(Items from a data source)
>>>

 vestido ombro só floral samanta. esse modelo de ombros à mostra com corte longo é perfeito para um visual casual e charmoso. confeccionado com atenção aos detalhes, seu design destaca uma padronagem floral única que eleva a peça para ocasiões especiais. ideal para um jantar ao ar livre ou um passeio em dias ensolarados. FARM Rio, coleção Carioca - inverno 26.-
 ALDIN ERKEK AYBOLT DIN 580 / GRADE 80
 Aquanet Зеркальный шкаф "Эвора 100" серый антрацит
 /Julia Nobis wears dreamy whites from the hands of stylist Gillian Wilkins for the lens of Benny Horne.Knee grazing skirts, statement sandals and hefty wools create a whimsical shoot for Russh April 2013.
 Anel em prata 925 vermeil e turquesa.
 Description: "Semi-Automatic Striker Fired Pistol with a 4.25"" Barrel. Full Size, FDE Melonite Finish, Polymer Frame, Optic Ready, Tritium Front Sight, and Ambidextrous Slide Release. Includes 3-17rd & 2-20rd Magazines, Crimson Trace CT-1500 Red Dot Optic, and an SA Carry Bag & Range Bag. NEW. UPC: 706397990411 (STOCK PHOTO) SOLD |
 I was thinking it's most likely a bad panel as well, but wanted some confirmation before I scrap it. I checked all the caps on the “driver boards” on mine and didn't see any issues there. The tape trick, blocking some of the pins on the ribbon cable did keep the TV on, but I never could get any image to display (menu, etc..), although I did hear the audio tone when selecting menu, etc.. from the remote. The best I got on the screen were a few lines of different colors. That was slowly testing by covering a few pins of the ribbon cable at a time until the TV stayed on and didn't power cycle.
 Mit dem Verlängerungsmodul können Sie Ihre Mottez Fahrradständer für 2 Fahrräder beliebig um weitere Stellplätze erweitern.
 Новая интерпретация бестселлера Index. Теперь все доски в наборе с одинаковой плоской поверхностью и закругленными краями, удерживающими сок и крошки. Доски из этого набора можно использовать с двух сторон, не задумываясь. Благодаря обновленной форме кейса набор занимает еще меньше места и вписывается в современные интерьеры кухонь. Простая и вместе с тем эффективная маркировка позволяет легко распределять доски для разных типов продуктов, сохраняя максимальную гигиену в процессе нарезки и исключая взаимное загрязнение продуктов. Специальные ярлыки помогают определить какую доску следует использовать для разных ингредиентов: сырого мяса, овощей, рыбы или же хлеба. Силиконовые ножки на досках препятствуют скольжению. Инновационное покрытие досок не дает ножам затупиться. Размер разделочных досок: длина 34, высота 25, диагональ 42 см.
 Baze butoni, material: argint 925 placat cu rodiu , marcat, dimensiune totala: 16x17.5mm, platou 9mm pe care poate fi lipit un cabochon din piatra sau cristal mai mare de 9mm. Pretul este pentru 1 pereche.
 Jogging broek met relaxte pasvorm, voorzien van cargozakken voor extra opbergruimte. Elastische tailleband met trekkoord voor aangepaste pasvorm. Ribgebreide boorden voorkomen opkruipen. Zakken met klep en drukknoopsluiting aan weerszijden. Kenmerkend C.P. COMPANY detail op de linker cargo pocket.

<<<

> **ACTIVITY**: Go through the data and return every record exactly.

> **SOLUTION**:
 vestido ombro só floral samanta. esse modelo de ombros à mostra com corte longo é perfeito para um visual casual e charmoso. confeccionado com atenção aos detalhes, seu design destaca uma padronagem floral única que eleva a peça para ocasiões especiais. ideal para um jantar ao ar livre ou um passeio em dias ensolarados. FARM Rio, coleção Carioca - inverno 26.-
 ALDIN ERKEK AYBOLT DIN 580 / GRADE 80
 Aquanet Зеркальный шкаф "Эвора 100" серый антрацит
 /Julia Nobis wears dreamy whites from the hands of stylist Gillian Wilkins for the lens of Benny Horne.Knee grazing skirts, statement sandals and hefty wools create a whimsical shoot for Russh April 2013.
 Anel em prata 925 vermeil e turquesa.
 Description: "Semi-Automatic Striker Fired Pistol with a 4.25"" Barrel. Full Size, FDE Melonite Finish, Polymer Frame, Optic Ready, Tritium Front Sight, and Ambidextrous Slide Release. Includes 3-17rd & 2-20rd Magazines, Crimson Trace CT-1500 Red Dot Optic, and an SA Carry Bag & Range Bag. NEW. UPC: 706397990411 (STOCK PHOTO) SOLD |
 I was thinking it's most likely a bad panel as well, but wanted some confirmation before I scrap it. I checked all the caps on the “driver boards” on mine and didn't see any issues there. The tape trick, blocking some of the pins on the ribbon cable did keep the TV on, but I never could get any image to display (menu, etc..), although I did hear the audio tone when selecting menu, etc.. from the remote. The best I got on the screen were a few lines of different colors. That was slowly testing by covering a few pins of the ribbon cable at a time until the TV stayed on and didn't power cycle.
 Mit dem Verlängerungsmodul können Sie Ihre Mottez Fahrradständer für 2 Fahrräder beliebig um weitere Stellplätze erweitern.
 Новая интерпретация бестселлера Index. Теперь все доски в наборе с одинаковой плоской поверхностью и закругленными краями, удерживающими сок и крошки. Доски из этого набора можно использовать с двух сторон, не задумываясь. Благодаря обновленной форме кейса набор занимает еще меньше места и вписывается в современные интерьеры кухонь. Простая и вместе с тем эффективная маркировка позволяет легко распределять доски для разных типов продуктов, сохраняя максимальную гигиену в процессе нарезки и исключая взаимное загрязнение продуктов. Специальные ярлыки помогают определить какую доску следует использовать для разных ингредиентов: сырого мяса, овощей, рыбы или же хлеба. Силиконовые ножки на досках препятствуют скольжению. Инновационное покрытие досок не дает ножам затупиться. Размер разделочных досок: длина 34, высота 25, диагональ 42 см.
 Baze butoni, material: argint 925 placat cu rodiu , marcat, dimensiune totala: 16x17.5mm, platou 9mm pe care poate fi lipit un cabochon din piatra sau cristal mai mare de 9mm. Pretul este pentru 1 pereche.
 Jogging broek met relaxte pasvorm, voorzien van cargozakken voor extra opbergruimte. Elastische tailleband met trekkoord voor aangepaste pasvorm. Ribgebreide boorden voorkomen opkruipen. Zakken met klep en drukknoopsluiting aan weerszijden. Kenmerkend C.P. COMPANY detail op de linker cargo pocket.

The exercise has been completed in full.